On Thu, Oct 21, 2021 at 02:46:10AM +0200, Andreas Gruenbacher wrote:
> On Tue, Oct 12, 2021 at 1:59 AM Linus Torvalds
> <[email protected]> wrote:
> > On Mon, Oct 11, 2021 at 2:08 PM Catalin Marinas <[email protected]> wrote:
> > >
> > > +#ifdef CONFIG_ARM64_MTE
> > > +#define FAULT_GRANULE_SIZE (16)
> > > +#define FAULT_GRANULE_MASK (~(FAULT_GRANULE_SIZE-1))
> >
> > [...]
> >
> > > If this looks in the right direction, I'll do some proper patches
> > > tomorrow.
> >
> > Looks fine to me. It's going to be quite expensive and bad for caches, though.
> >
> > That said, fault_in_writable() is _supposed_ to all be for the slow
> > path when things go south and the normal path didn't work out, so I
> > think it's fine.
>
> Let me get back to this; I'm actually not convinced that we need to
> worry about sub-page-size fault granules in fault_in_pages_readable or
> fault_in_pages_writeable.
>
> From a filesystem point of view, we can get into trouble when a
> user-space read or write triggers a page fault while we're holding
> filesystem locks, and that page fault ends up calling back into the
> filesystem. To deal with that, we're performing those user-space
> accesses with page faults disabled.

Yes, this makes sense.

> When a page fault would occur, we
> get back an error instead, and then we try to fault in the offending
> pages. If a page is resident and we still get a fault trying to access
> it, trying to fault in the same page again isn't going to help and we
> have a true error.

You can't be sure the second fault is a true error. The unlocked
fault_in_*() may race with some LRU scheme making the pte not accessible
or a write-back making it clean/read-only. copy_to_user() with
pagefault_disabled() fails again but that's a benign fault. The
filesystem should re-attempt the fault-in (gup would correct the pte),
disable page faults and copy_to_user(), potentially in an infinite loop.
If you bail out on the second/third uaccess following a fault_in_*()
call, you may get some unexpected errors (though very rare). Maybe the
filesystems avoid this problem somehow but I couldn't figure it out.

> We're clearly looking at memory at a page
> granularity; faults at a sub-page level don't matter at this level of
> abstraction (but they do show similar error behavior). To avoid
> getting stuck, when it gets a short result or -EFAULT, the filesystem
> implements the following backoff strategy: first, it tries to fault in
> a number of pages. When the read or write still doesn't make progress,
> it scales back and faults in a single page.
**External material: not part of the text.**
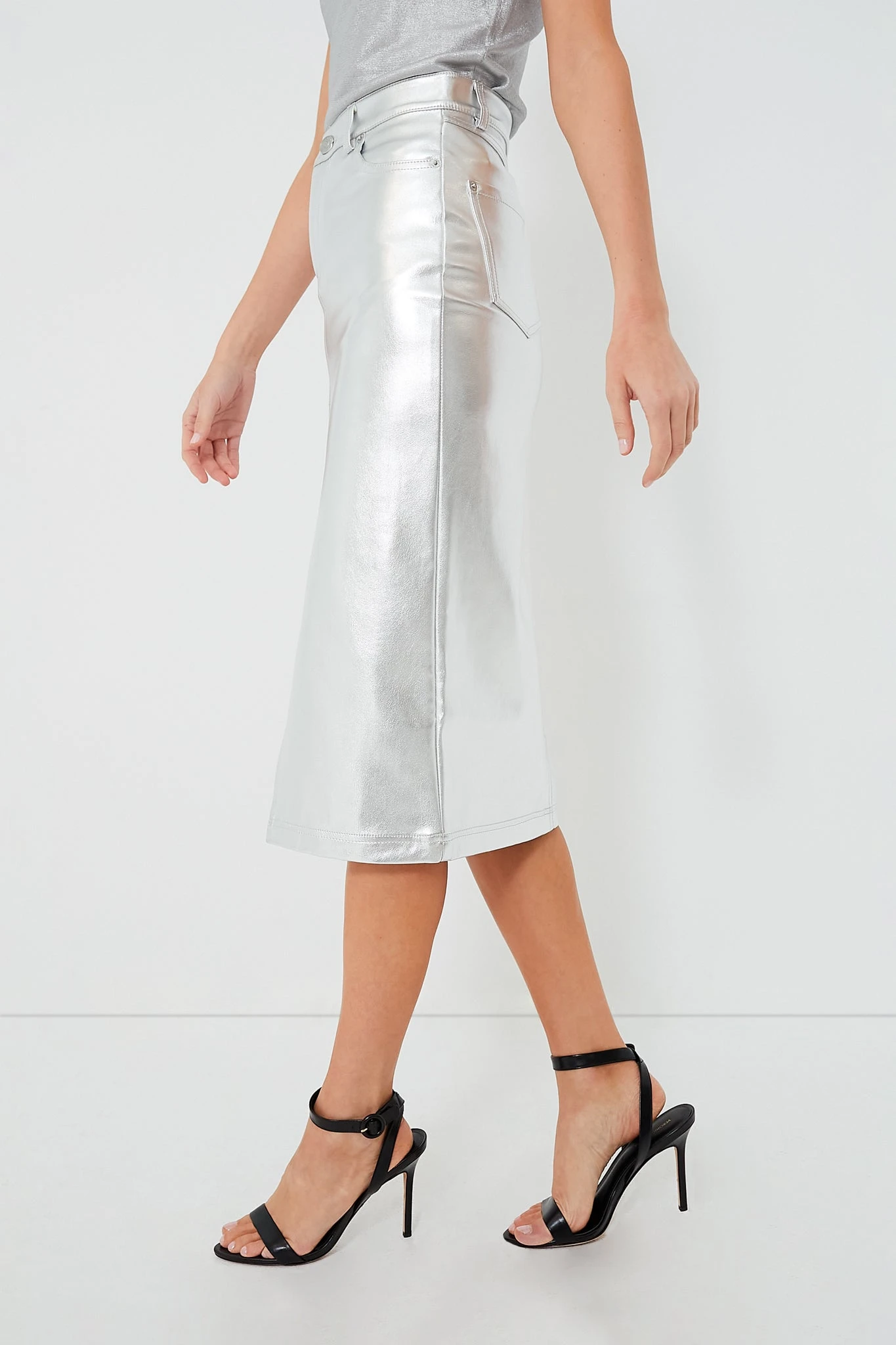 Shine in the Silver Oaklyn Skirt- a straight column skirt in metallic vegan leather. The classic silhouette is upgraded with the gleam of silver, creating a flattering and eye-catching look that can be styled for hundreds of occasions. Pair with a graphic tee and sneakers for a metropolitan rock-chic look, or pair with the Silver Ayana Top for a chic matching set.

Finally, when that still
> doesn't help, it gives up. This strategy is needed for actual page
> faults, but it also handles sub-page faults appropriately as long as
> the user-space access functions give sensible results.

As I said above, I think with this approach there's a small chance of
incorrectly reporting an error when the fault is recoverable. If you
change it to an infinite loop, you'd run into the sub-page fault
problem.

There are some places with such infinite loops: futex_wake_op(),
search_ioctl() in the btrfs code. I still have to get my head around
generic_perform_write() but I think we get away here because it faults
in the page with a get_user() rather than gup (and copy_from_user() is
guaranteed to make progress if any bytes can still be accessed).

--
Catalin

2021-10-21 14:44:22

by Andreas Gruenbacher

[permalink] [raw]
Subject: Re: [RFC][arm64] possible infinite loop in btrfs search_ioctl()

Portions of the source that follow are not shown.